I forced myself to stay in line and get my coffee and—no big surprise here, but—I was on time to the conference and nothing terrible or dramatic happened.
But ever since then I’ve been thinking about this frustrating tendency I have to obsess over decisions and go back and forth and back and forth, looking for the “right” answer.
How am I supposed to make decisions like what house to buy, or where to invest my money or whether to stay in a relationship or leave it behind, if I can’t even make a choice about a stupid cup of coffee?
There is so much at play here.
The problem includes how little I trust my own intuition, how little permission I give myself to mistakes (perfectionism), how little faith I have in my ability to overcome problems and obstacles, etc.

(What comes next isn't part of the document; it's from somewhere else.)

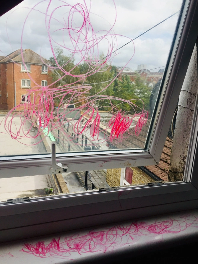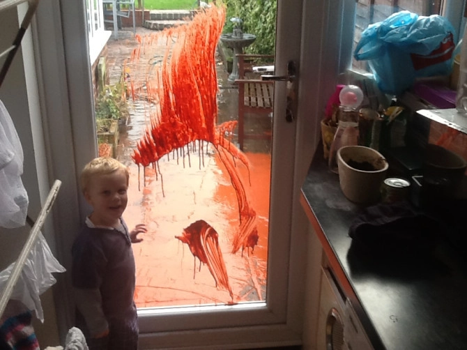 Мама этого молодого художника чуть не испытала сердечный приступ, увидев красную краску на стекле

But recently a friend said something to me that illuminated this problem for me in a whole new way. First of all, he suggested that perhaps trying so hard to do the “right thing” wasn’t serving me the way I thought it was.
Because the right thing for you, he mentioned, might not be the right thing for every person. And the “right thing” for the person next to you might not be the “right thing” for you.

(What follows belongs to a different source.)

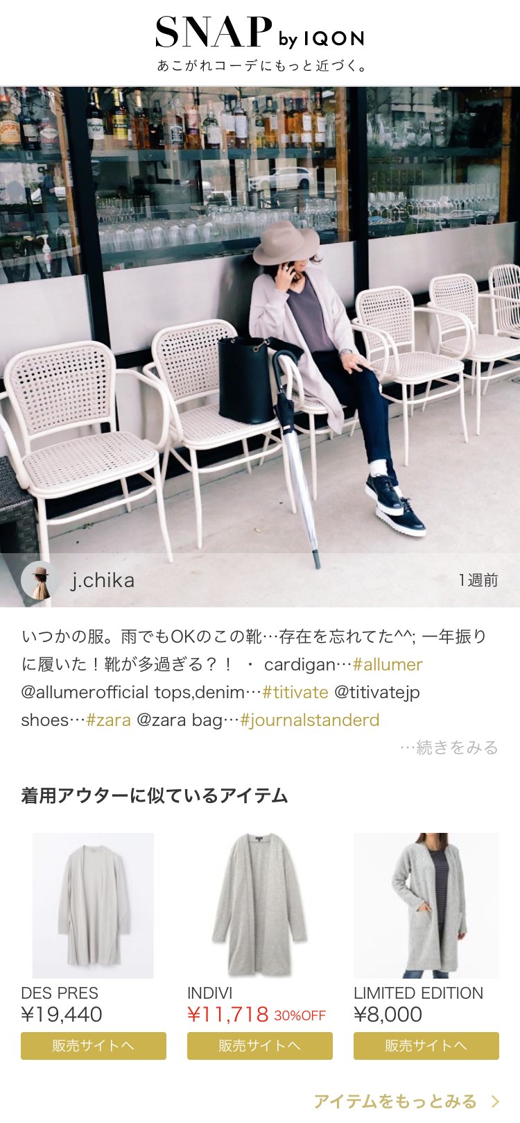 そうした課題を解決するのが「スナップ バイアイコン」で、"あこがれコーデにもっと近づく"をコンセプトに、インスタグラマーが着用する商品と似ているアイテムを提案する。

We’re constantly trying to measure our own progress and choices by what everyone else around us is doing.
We so desperately want guarantees—when the truth is there are none.
Second, he said, “compliance is a form of resistance.”
It took me a minute to understand what he was saying, but eventually I knew he was right. Compliance (rule-following, a constant obsession with finding the “right” answer) is a form of resistance.
So in other words, my own desperate need to find the “right” answer to the question, the “right” college, the “right” house, the “right” decision about something as dumb as coffee is actually my resistance to fully engaging with my life, to doing my own inner work, to owning my choices.
It is my protection against failure or disappointment, my attempt to disengage and skip the accountability I have for myself and for my life.
My desire for a formula or a step-by-step process or someone to give me the answers is my resistance against the transforming process that takes place when we find the answers in the context of relationship, but within ourselves.
Yikes.
That is me. Or, it was me.
There is value in asking for feedback or advice from others. There is value from learning from those who have gone before us. There is value in asking for support. There is even value in asking for boundaries or limits, or setting some of your own.
But I guess I’m starting to see what I’m missing by “following the rules,” just because they’re the rules, or by constantly seeking the “right” answer to every question, or by beating myself up for making what now seems like the “wrong” choice “back then” (“If only you had stayed in that Starbucks line the first time!”)
I’m missing the process of unfolding and learning and growing and becoming me.
And that’s not a trade I’m willing to make anymore.